The Stanford Chorale closed the virtual celebration with the alma mater, Hail, Stanford, Hail. (Image credit: Andrew Brodhead)

Taubman said great upheaval at Stanford and throughout the nation in the late 1960s was not unlike the world today’s graduates are entering.

“It’s quite an extraordinary time that today’s seniors are experiencing. This crisis has thrown your world out of kilter just the way the war and turmoils threw my world out of kilter,” he said. “I hope you’ll be as fired up as I was and my classmates were to do what we could to try to set the world straight.”

The Stanford experience for George Jedenoff, ’40, MBA, ’42, was marked by the Japanese attack on Pearl Harbor and President Franklin D. Roosevelt’s declaration of war.
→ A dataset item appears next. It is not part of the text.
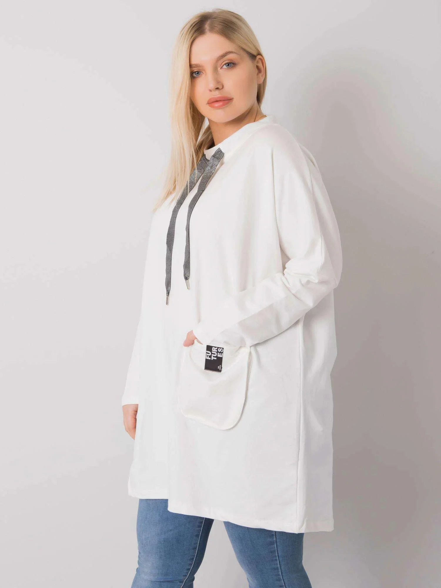 Tunika plus size v barvě ecru s kapsami.

Yet Jedenoff said he doesn’t remember a time when all of society was as affected by crisis as it is today, and offered advice to today’s graduates:

“Life is just a series of uncertain events. You have to learn to adjust and look at change as something positive,” he said. “You have a privilege and an obligation to utilize your talents in such a manner that will leave the world in a better situation than you found it.”